It seems the following question might be much harder: what is the sum of sum of digits of $4444^{4444^{4444}}?$ In other words, let $f:\Bbb N_0\to\Bbb N_0$ be the function defined by $f(n)=\textrm{sum of decimal digits of }n$.

What is the value of $f\left(f\left(4444^{4444^{4444}}\right)\right)$?

In this question, we have not yet reached a single-digit number, which at least seems to make it much harder.

Some estimates: the number of decimal digits of $4444^{4444^{4444}}$ is equal to $\left\lfloor\log_{10}4444^{4444^{4444}}\right\rfloor+1,$ which implies $f\left(4444^{4444^{4444}}\right)\le9\left(\log_{10}4444^{4444^{4444}}+1\right).$

Next, the number of digits of this last number is at most $\left\lfloor\log_{10}\left(9\left(\log_{10}4444^{4444^{4444}}+1\right)\right)\right\rfloor+1,$ which is $16213$, according to Wolfram|Alpha.
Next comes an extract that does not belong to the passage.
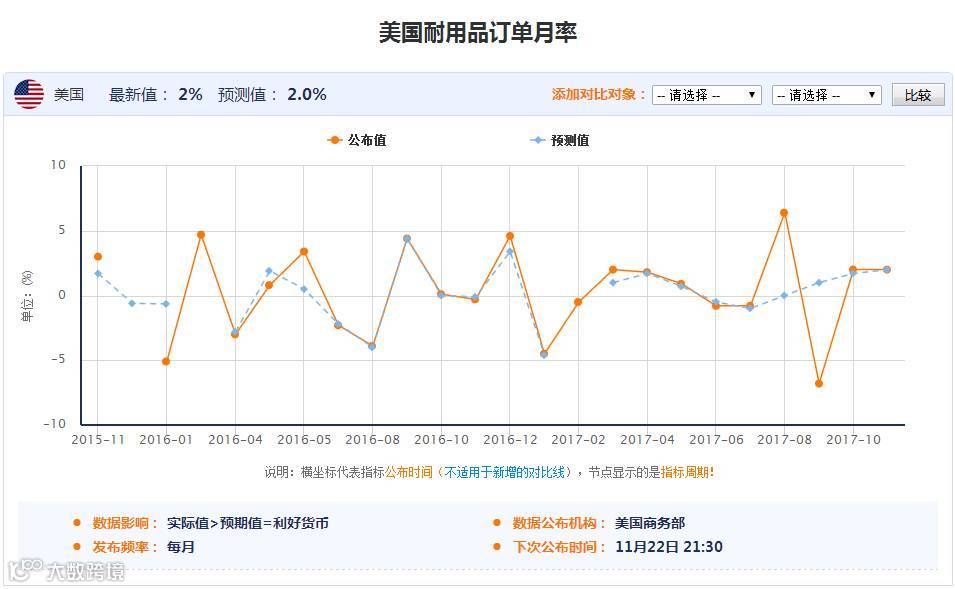 21:30 美国 10月耐用品订单月率初值(%)
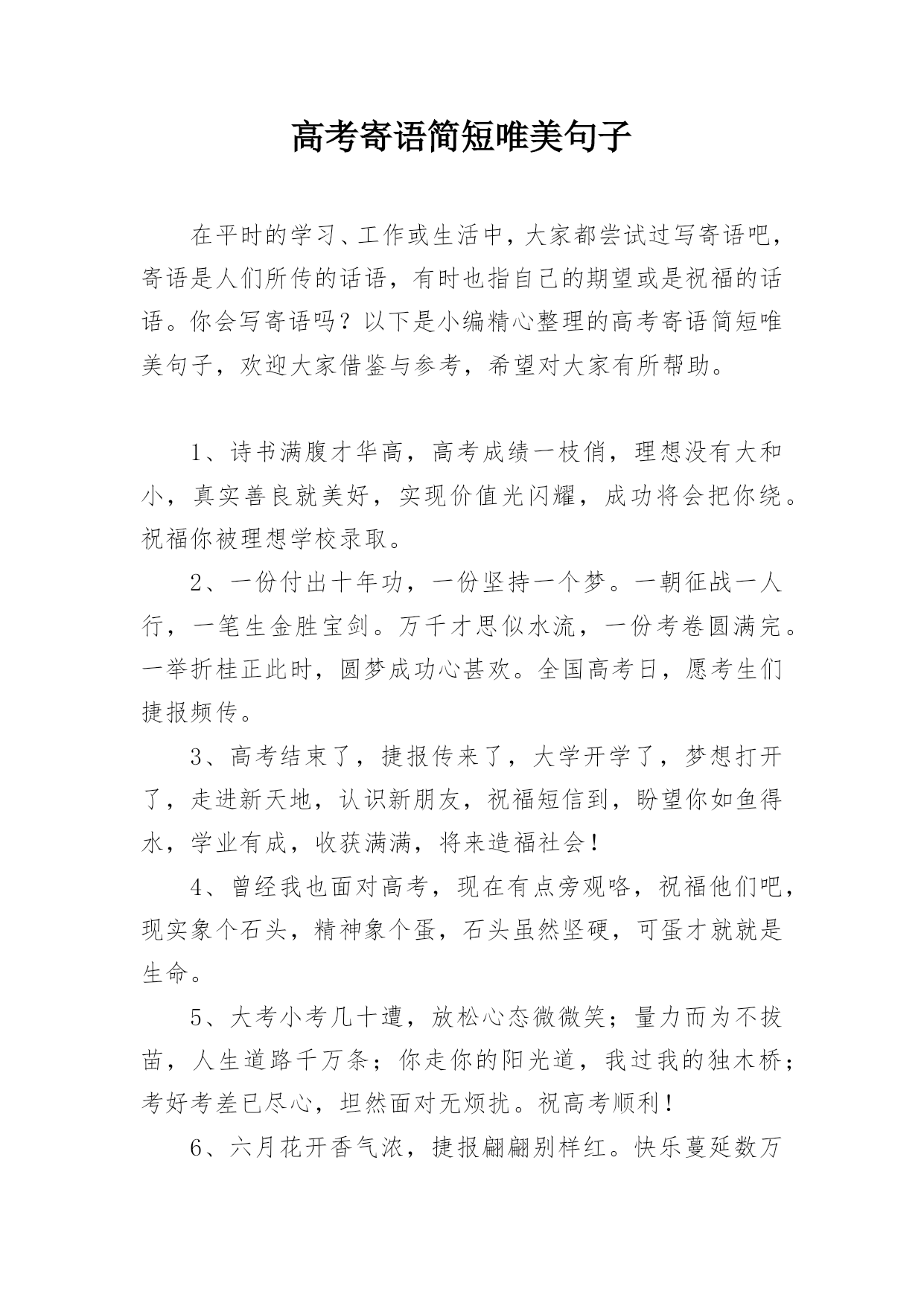 高考寄语简短唯美句子在平时的学习、工作或生活中,大家都尝试过写寄语吧,寄语是人们所传的话语,有时也指自己的期望或是祝福的话语。你会写寄语吗?以下是小编精心整理的高考寄语简短唯美句子,欢迎大家借鉴与参考,希望对大家有所帮助。1、诗书满腹才华高,高考成绩一枝俏,理想没有大和小,真实善良就美好,实现价值光闪耀,成功将会把你绕。祝福你被理想学校录取。2、一份付出十年功,一份坚持一个梦。一朝征战一人行,一笔生金胜宝剑。万千才思似水流,一份考卷圆满完。一举折桂正此时,圆梦成功心甚欢。全国高考日,愿考生们捷报频传。3、

Therefore, $f\left(f\left(4444^{4444^{4444}}\right)\right)\leq9\cdot16213=145917.$

So the number we are looking for has at most $6$ digits. This makes it very feasible to express in decimal notation, but possibly hard to find.

We might be further interested in numbers like $f\left(f\left(f\left(4444^{4444^{4444^{4444}}}\right)\right)\right),$ so a related question would be:

Is there any hope for a general method of evaluating such functions or is the behaviour of the $k$-fold composition $f^k$ completely chaotic?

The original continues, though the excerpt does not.